When NM looks for vpn plugins, it would expect the full service name
otherwise it will not be able to retrieve the correct plugin.
Fixes VPN configurations generated with "nmcli connection add".
This is a huge refactoring in attempt to 1.) reduce the horrible redundancy in
the connection addition path and 2.) reduce confusion between various sources
of property value (command line, properties, interactive mode).

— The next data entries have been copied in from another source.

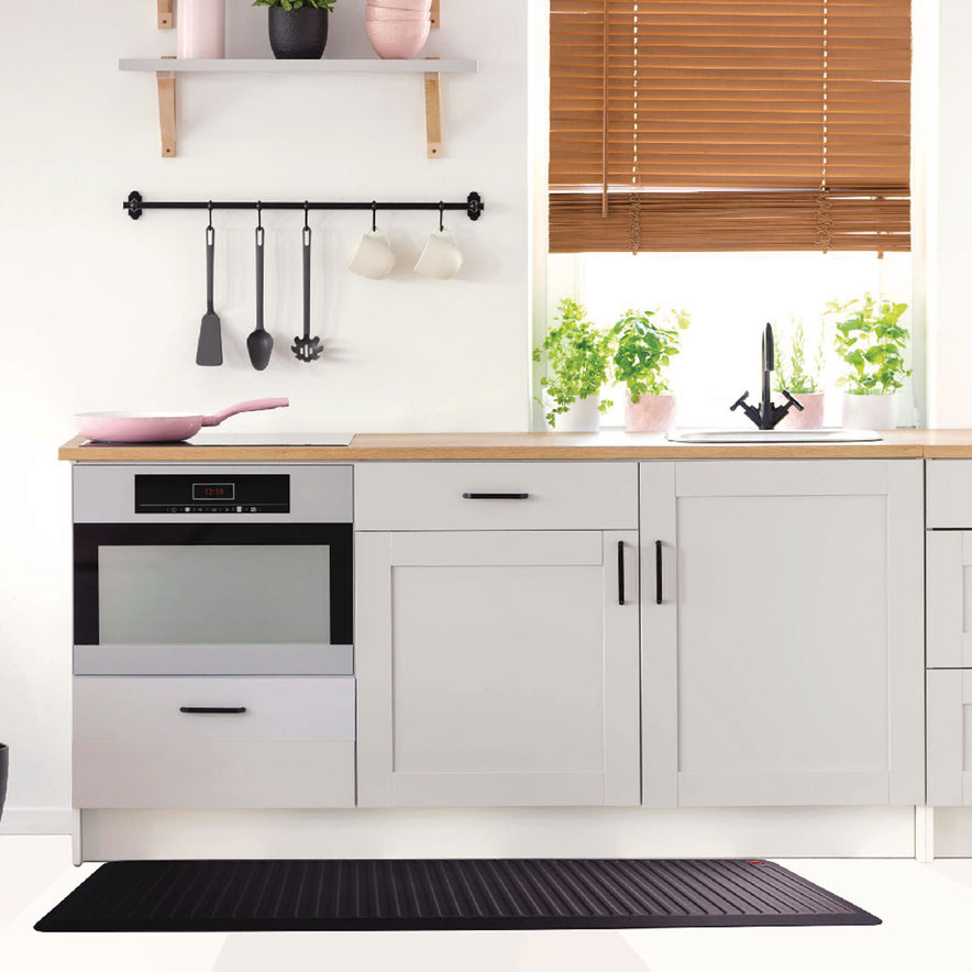The cushioned yet supportive standing surface reduces the strain on feet, legs knees and back joints that can be caused through standing for extended periods.
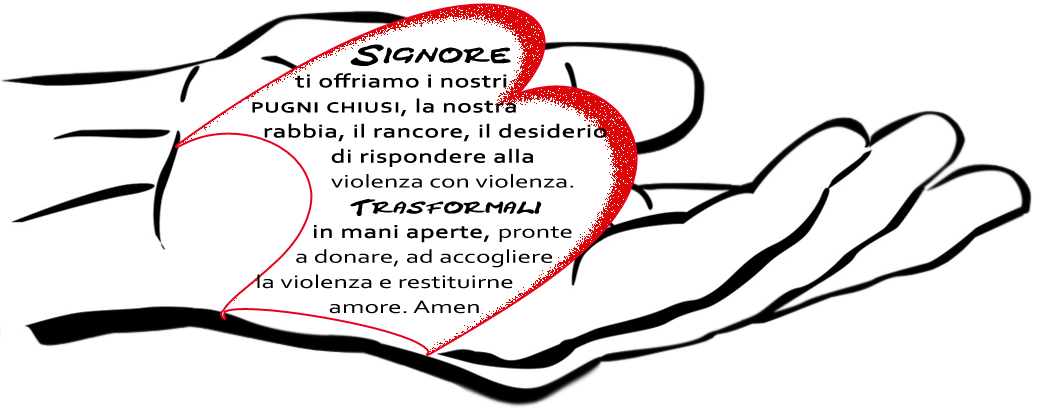 A questo punto i ragazzi dovrebbero essere pronti a vivere il segno proposto nell’articolo di dicembre: consegnare i loro “pugni chiusi”, simbolo della rabbia, della violenza, della negatività, a Dio perché possa trasformarli in “mani tese”, aperte, pronte a donare, ad accogliere la violenza ricevuta per restituirne amore.
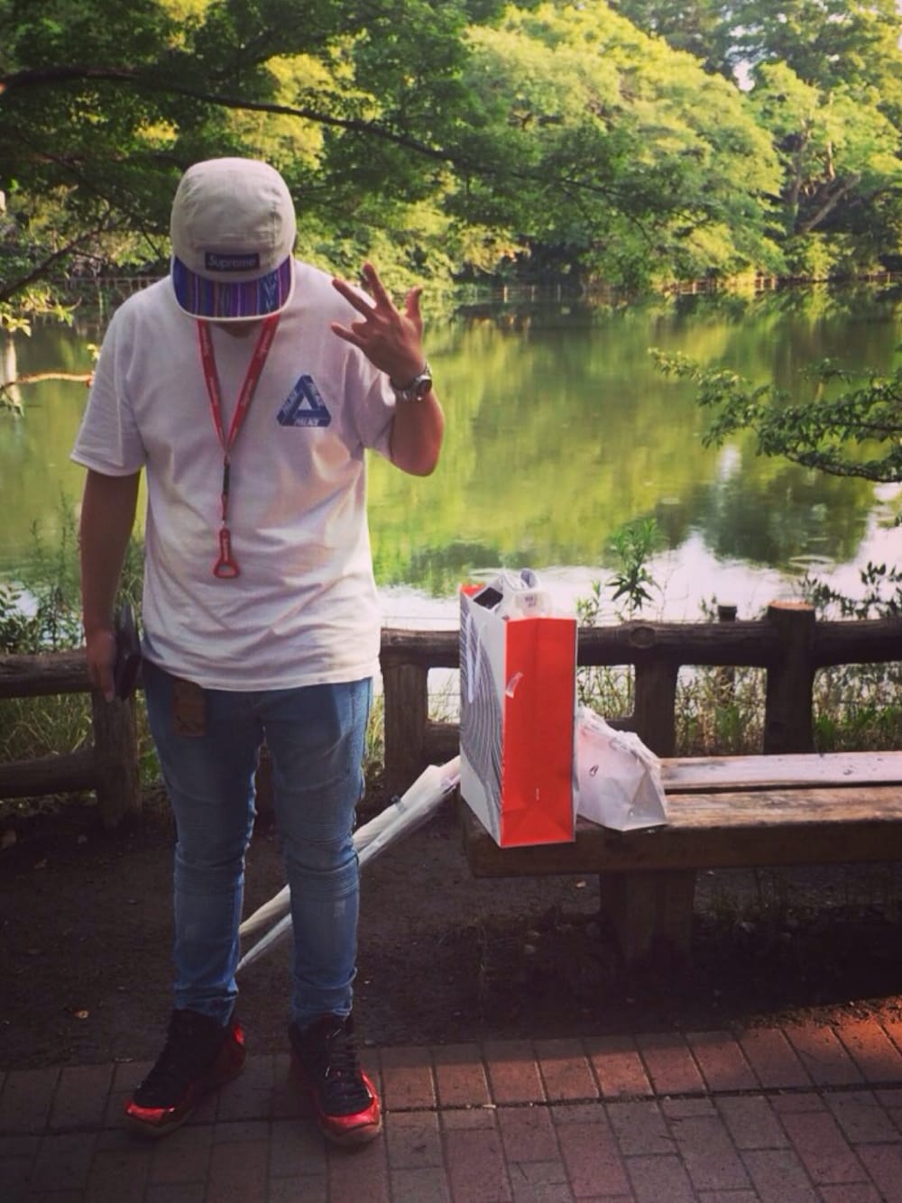 パレスTに赤のパレスロゴバックプリントがあって後ろからの見た目も抜群です! パンツはリプレゼントのバイカーデニム(^o^)/ ちなみにこの日本当はairmax90のコルクを履いていこうと思いましたが生憎の雨で急遽ポジットになりました笑

* The conversions from the strings was done all over the place:
settings.c already does for all sensible properties.
The rest is removed.
* The validations are done randomly and redundantly:
server does some validation, and per-property client validations
useful for interactive mode are done in settings.c
The rest is removed.
* The information about defaults and required options was redundantly
scattered in per-type completion functions and interactive mode
questionnaries. This is now driven by the option_info[] table.
In general, we do our best to just map the command line options to
properties and allow mixing them. For the rest there's the
check_and_set() callbacks (basically to keep compatibility with previous
nmcli versions). This this is now all possible:
$ nmcli c add type ethernet ifname '*'
This always worked
$ nmcli c add type bond-slave save no -- connection.autoconnect no
The "save" and "--" still work
$ nmcli c add connection.type ethernet ifname eth0
Properties can now be used
$ nmcli c add type ethernet ip4 1.2.3.4 mac 80:86:66:77:88:99 con-name whatever
There's no implementation mandated order of the properties (the type
still must be known to determine which properties make sense)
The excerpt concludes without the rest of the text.